[Dataset content — start]
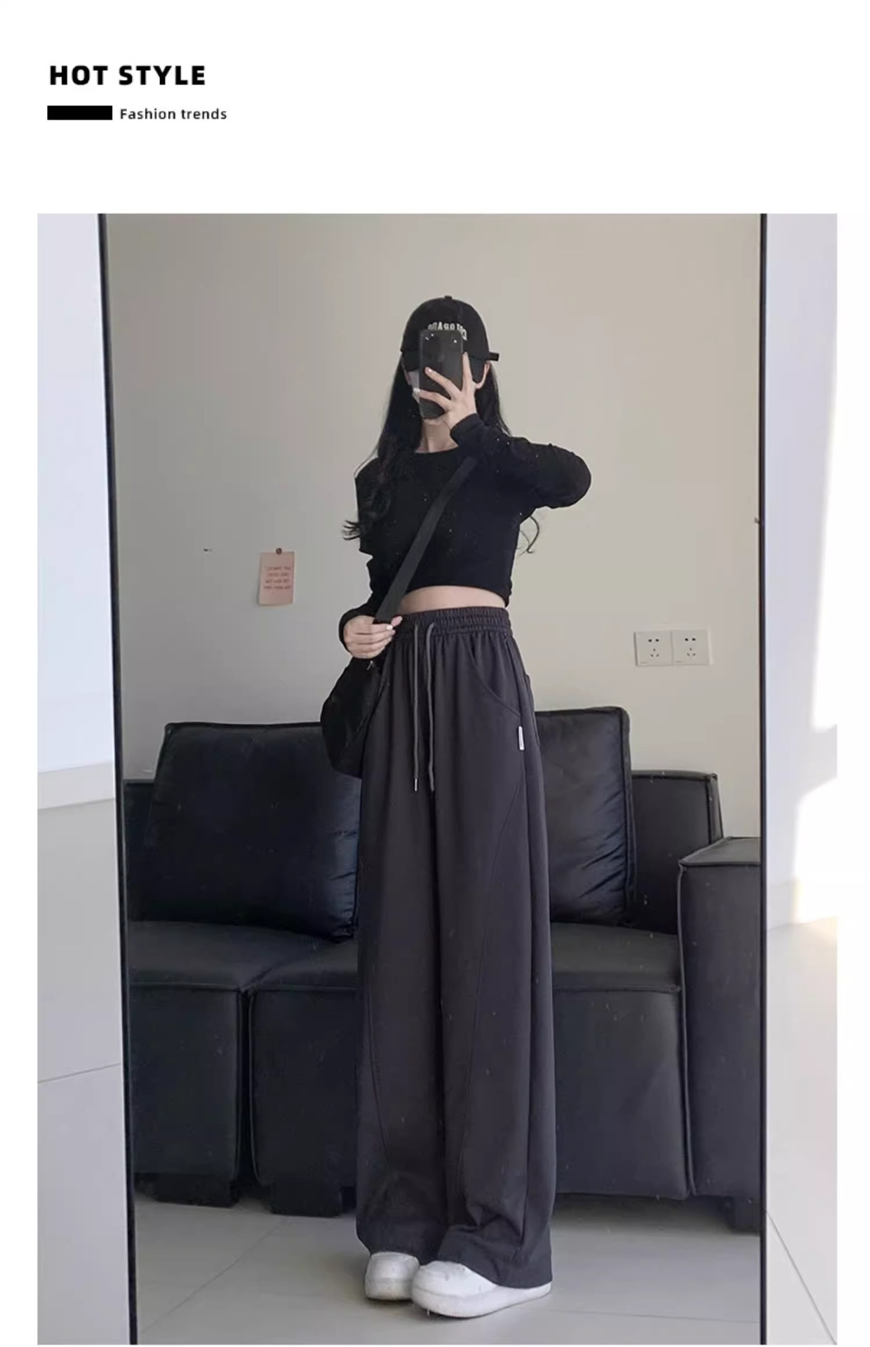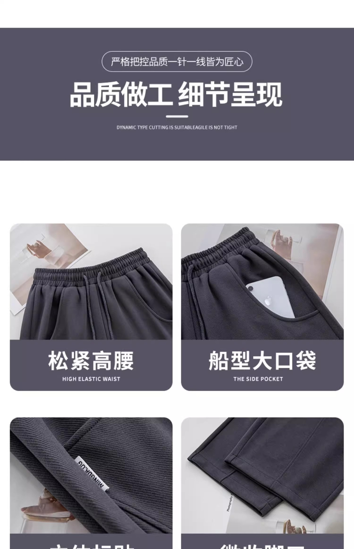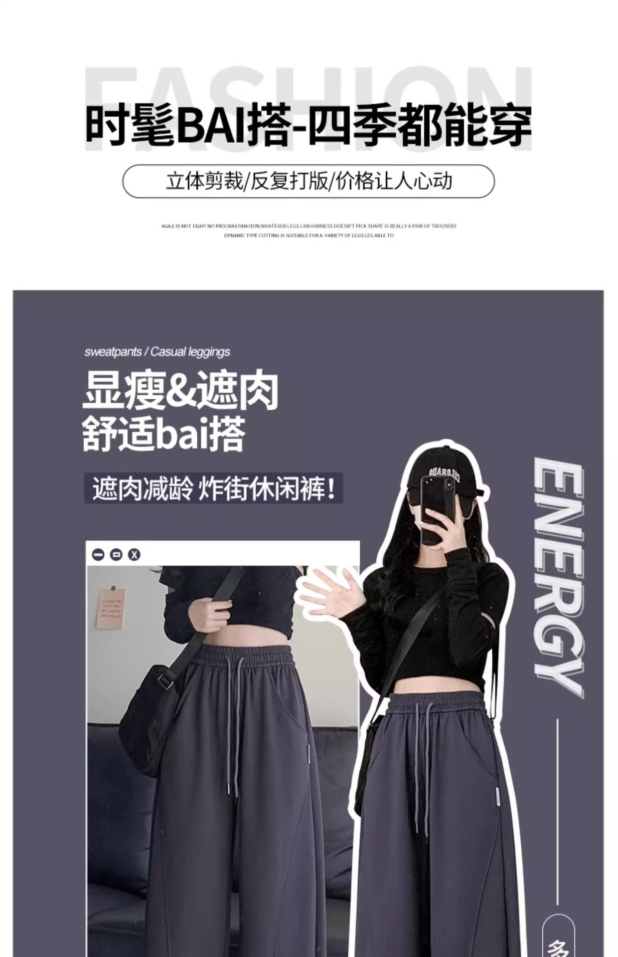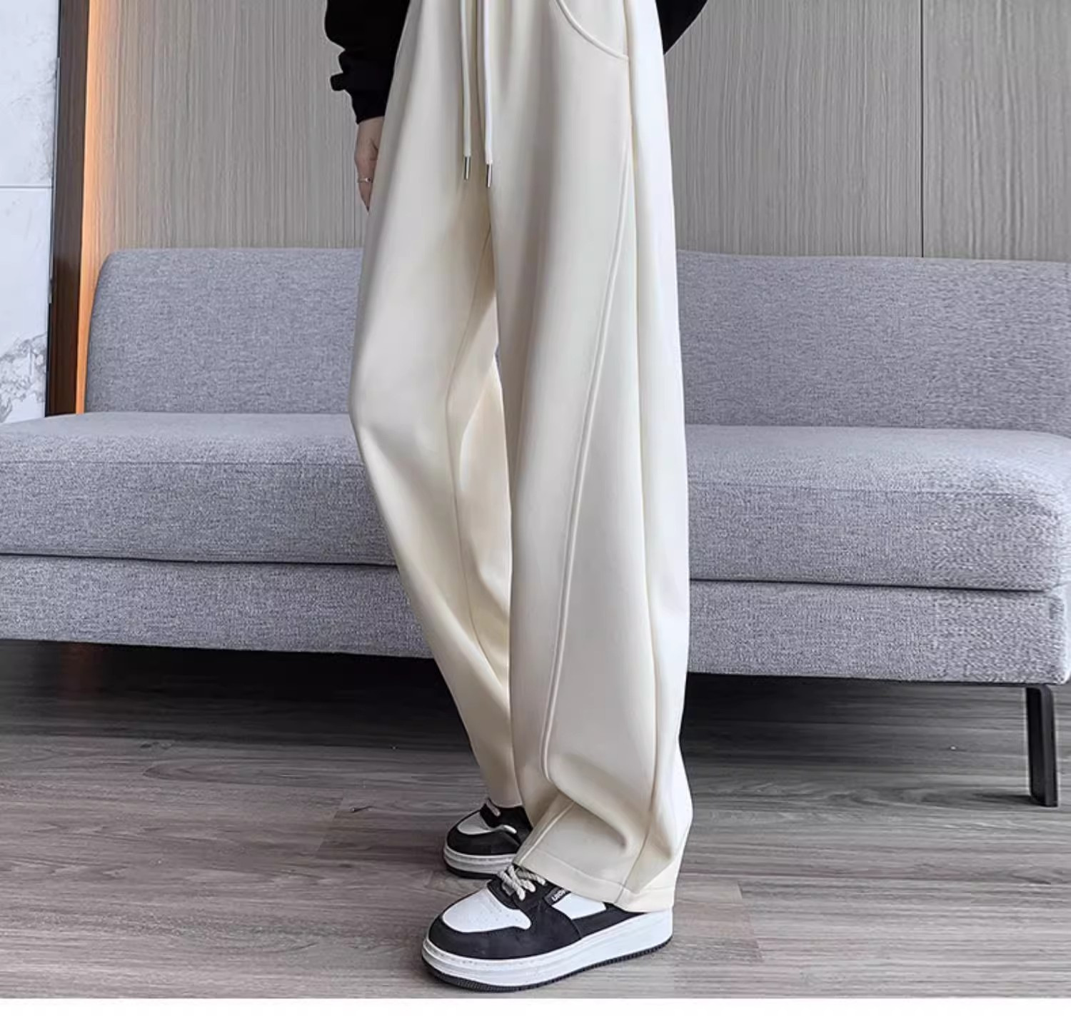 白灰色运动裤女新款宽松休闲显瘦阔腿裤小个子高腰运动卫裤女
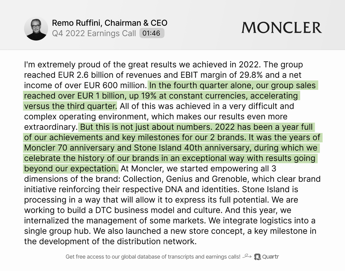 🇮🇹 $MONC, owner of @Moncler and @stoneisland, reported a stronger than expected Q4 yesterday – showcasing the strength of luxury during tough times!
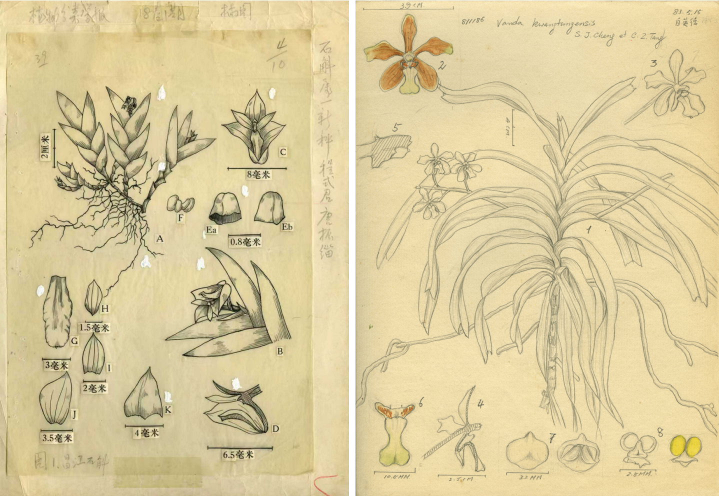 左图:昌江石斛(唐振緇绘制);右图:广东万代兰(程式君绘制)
[Dataset content — finish]
Output the listing word for word. Drop the pictures.

- **Completed task**
 白灰色运动裤女新款宽松休闲显瘦阔腿裤小个子高腰运动卫裤女
 🇮🇹 $MONC, owner of @Moncler and @stoneisland, reported a stronger than expected Q4 yesterday – showcasing the strength of luxury during tough times!
 左图:昌江石斛(唐振緇绘制);右图:广东万代兰(程式君绘制)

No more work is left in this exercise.